74 lines (55 loc) · 2.55 KB

HF-OSS Demo changelog

Uses changelog conventions. Uses semantic versioning.

Guiding Principles

Changelogs are for humans, not machines.
There should be an entry for every single version.
The same types of changes should be grouped.
Versions and sections should be linkable.
The latest version comes first.
The release date of each version is displayed.
Mention whether you follow Semantic Versioning.

Types of changes

Added for new features.
Changed for changes in existing functionality.
Deprecated for soon-to-be removed features.
Removed for now removed features.
Fixed for any bug fixes.
Security in case of vulnerabilities.

[1.3.3] - 2023-01-04

Deprecated max workspace size flag to memory pool limits for TensorRT
Added t5-11b support
Changed T5 demo kv cache TRT memory organization to avoid D2D copy

[1.3.2] - 2022-11-17

Added beam search support for GPT2 demo
Added KV cache support for GPT2 demo
Fixed perplexity calculation array size out of max_length
Fixed trt KV cache engine profile to only accept input_length = 1
Fixed external onnx weight file name overwrite issue

[1.3.1] - 2022-11-04

Added beam search support for T5 demo
Added KV cache support for T5 demo

[1.3.0] - 2022-11-03

Added perplexity calculation for all samples
Added precision override to checkpoints.
Fixed TensorRT BART checkpoint not working.

[1.2.5] - 2022-10-08

Added beam search support for BART

[1.2.4] - 2022-09-30

Added notebooks for BART demo
Enabled flexible control on (a) percentile latency reports (b) engine building profile other than standard maximum input/output length config

[1.2.3] - 2022-06-30

Added KV cache support for BART demo

[1.2.2] - 2022-06-14

Added BART demo

[1.2.1] - 2022-05-20

Added benchmark action to T5 frameworks/onnxrt and GPT2 frameworks/trt for performance benchmarking.

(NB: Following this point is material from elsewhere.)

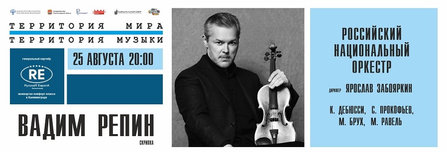 В первый день и впервые в Калининграде выступит выдающийся скрипач Вадим Репин — «волшебник звука», хорошо известный в Америке, Европе, Японии. Народный артист России, Кавалер ордена искусств и литературы Франции, победитель Международного конкурса королевы Елизаветы исполнит Концерт № 1 Макса Бруха и рапсодию Мориса Равеля «Цыганка» на скрипке Страдивари в сопровождении Российского национального оркестра. За пультом оркестра 25 августа будет приглашенный дирижер Мариинского театра Ярослав Забояркин.

It uses random inputs with fixed lengths and disables early stopping such that we can compare the performance with other frameworks.
Added batch_size > 1 support to GPT2 trt sample.

[1.2.0] - 2022-03-29

Added benchmark action to T5 trt for performance benchmarking. It uses random inputs with fixed lengths and disables early stopping such that we can compare the performance with other frameworks.

[1.1.0] - 2022-02-09

Added -o or --save-output-fpath which saves a pickled version of the NetworkResult object. Useful for testing.

[1.0.0] - 2022

Added initial working example of HF samples and notebooks.